Wednesday 3 October 2007

It just isn't fair

In aviation, it is considered that the best way of aligning a pilot’s interests with those of his passengers is to have him sitting right at the front of the plane without a parachute, ensuring that he will be the first to perish if he flies carelessly into a mountain.

I don’t think even the pilots’ union has ever suggested that it would be better to equip him with an ejector seat that would shower him with banknotes as he floated serenely to earth, admiring the vivid colours as his craft exploded.

Yet those are precisely the rules that apply in business, where a failed chief executive can usually anticipate a well-cushioned retirement as his shareholders’ savings and employees’ job prospects crash in flames.

I know several rich and apparently respected individuals whose only claim to fame is that they have brought a public company to its knees. Sometimes, amazingly, they have been given the chance to prove their ineptitude more than once.

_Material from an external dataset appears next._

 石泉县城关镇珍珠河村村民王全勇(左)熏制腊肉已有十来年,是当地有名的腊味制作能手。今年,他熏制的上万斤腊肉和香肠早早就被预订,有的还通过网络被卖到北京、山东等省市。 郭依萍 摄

Of course, their independent non-executive directors ticked all the right corporate governance boxes as they authorised the compensation package they needed to attract and retain the very best person for the job.

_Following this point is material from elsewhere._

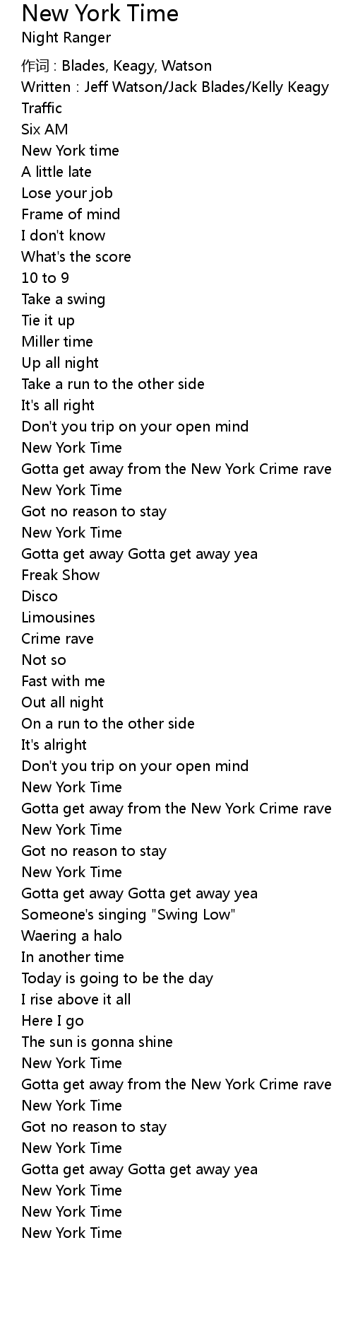 | Song | New York Time |

But then they would, wouldn’t they? Given that they almost certainly hold an equivalent executive position elsewhere. Unless they are one of those people whose own career ascent stalled some way short of the summit, prompting them to “go plural” instead.

Theoretically, boards take collective responsibility for failure. Though when it looked like the non-executive directors of Equitable Life might be sued into bankruptcy a few years ago, their squeals of protest were probably picked up by alien spacecraft on the outer fringes of the galaxy.

It amazes me to find myself well to the left of that old socialist Gordon Brown on the issue of executive pay.

In my book, entrepreneurs who have original ideas and risk their own money deserve every penny they get. Those who genuinely transform the performance of an established plc (rather than manipulating financial smoke and mirrors) should also be properly rewarded for the wealth and opportunities they create. But why shouldn’t the price of abject failure be personal ruin and shame?

You don’t need to be a schoolboy to know that anything else just isn’t fair.

Keith Hann is a PR consultant who doesn’t court easy popularity.